======== SUPPLIED MATERIAL ========

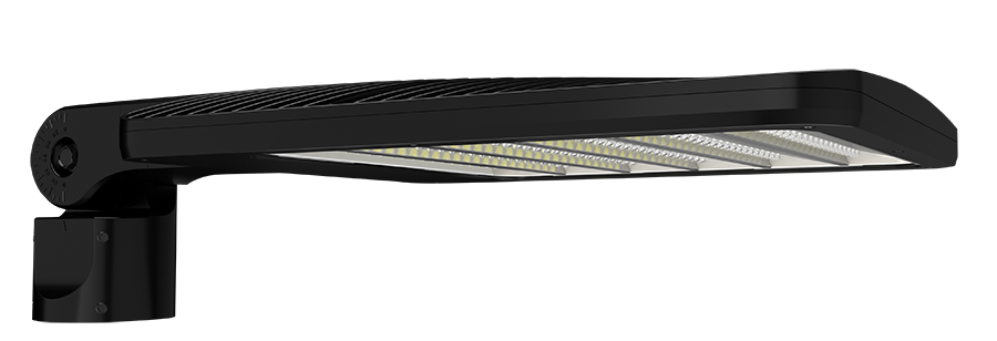 Car Dealership optics have a wide distribution with an intentional hot spot that helps to deliver eye-catching light to the front row of cars in a dealership lot while also minimizing "backspill" (light that is thrown back towards the street).
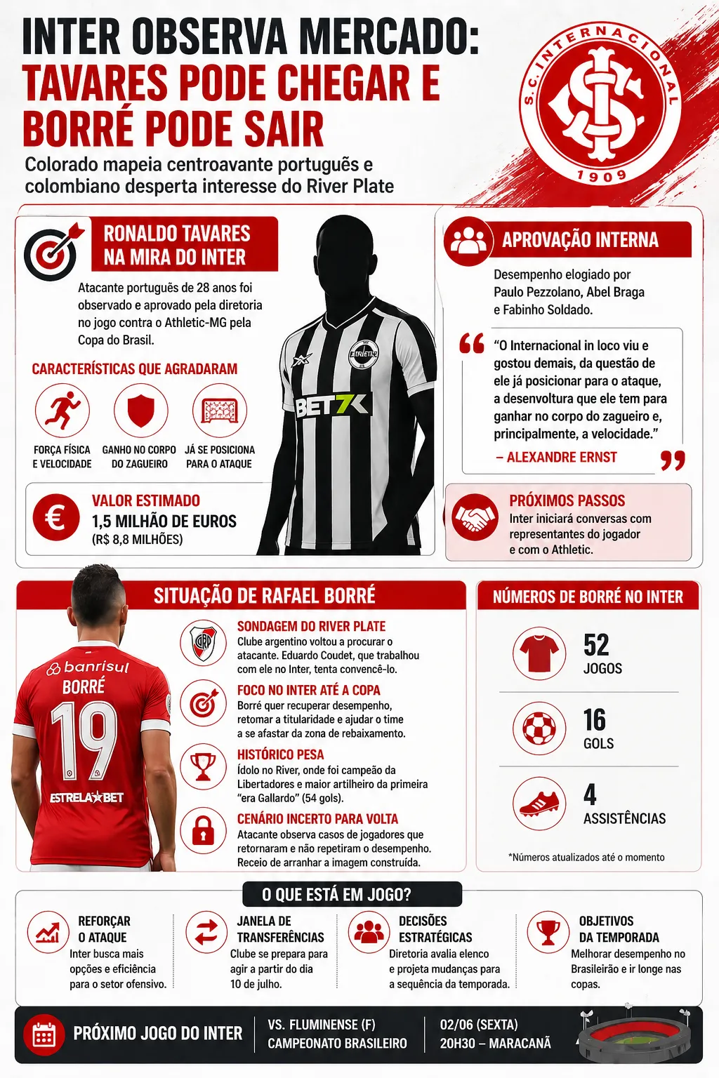 O Internacional já iniciou movimentações pensando na próxima janela de transferências e tem um novo nome no radar para o ataque. Trata-se de Ronaldo Tavares, destaque do Athletic-MG, que agradou à comissão técnica após observação direta recente.
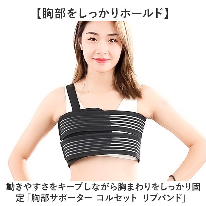 胸部サポーター コルセット リブバンド【ブラック】【M】
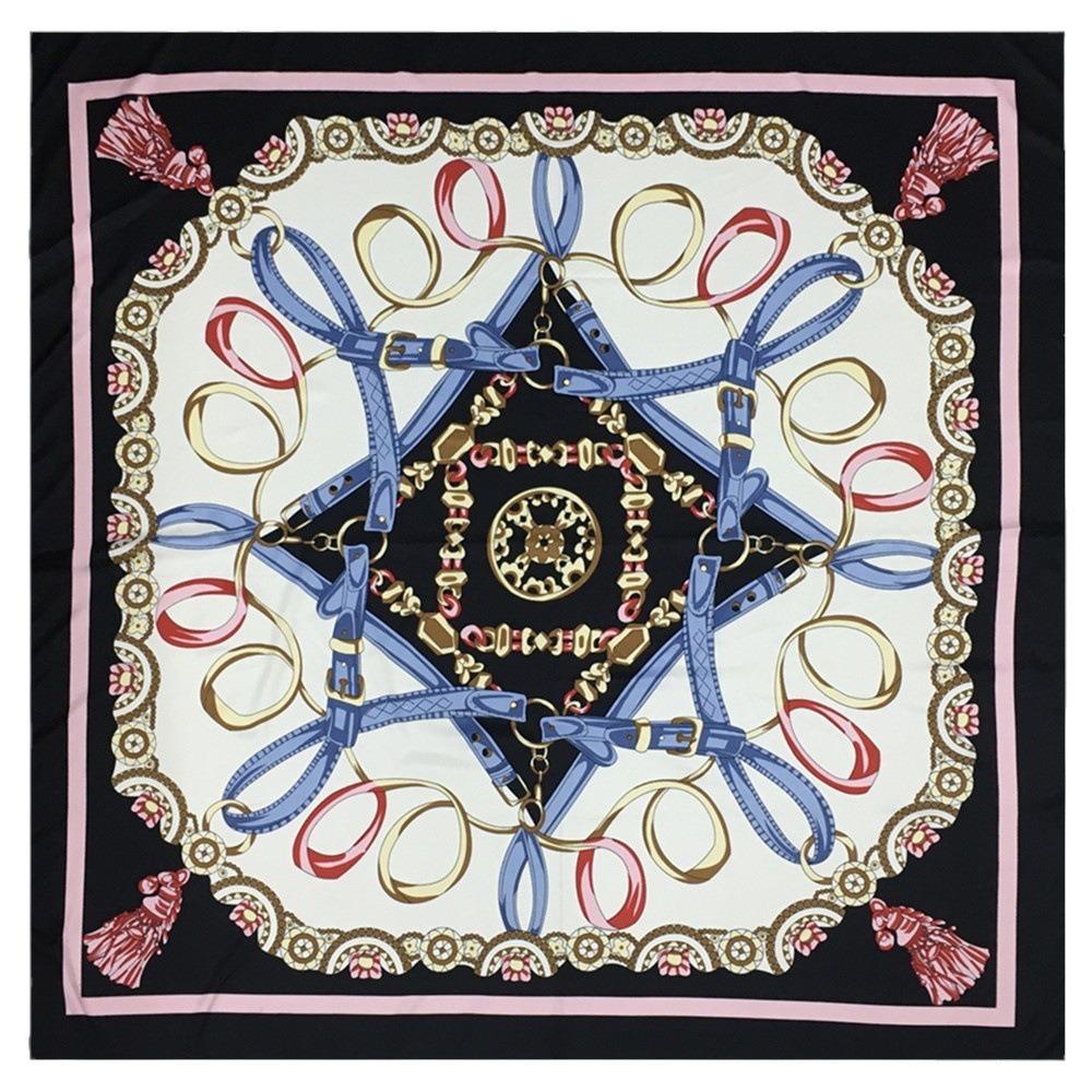 130*130см 100% Твиловый шелковый платок Женский Роскошный Принт Цепи Пляжная шаль Квадратная Бандана Косынка Femme Fourlard Echarpes Stoles

========

Output all lines above precisely. Pictures are to be left out.

EXPECTED ANSWER:
 Car Dealership optics have a wide distribution with an intentional hot spot that helps to deliver eye-catching light to the front row of cars in a dealership lot while also minimizing "backspill" (light that is thrown back towards the street).
 O Internacional já iniciou movimentações pensando na próxima janela de transferências e tem um novo nome no radar para o ataque. Trata-se de Ronaldo Tavares, destaque do Athletic-MG, que agradou à comissão técnica após observação direta recente.
 胸部サポーター コルセット リブバンド【ブラック】【M】
 130*130см 100% Твиловый шелковый платок Женский Роскошный Принт Цепи Пляжная шаль Квадратная Бандана Косынка Femme Fourlard Echarpes Stoles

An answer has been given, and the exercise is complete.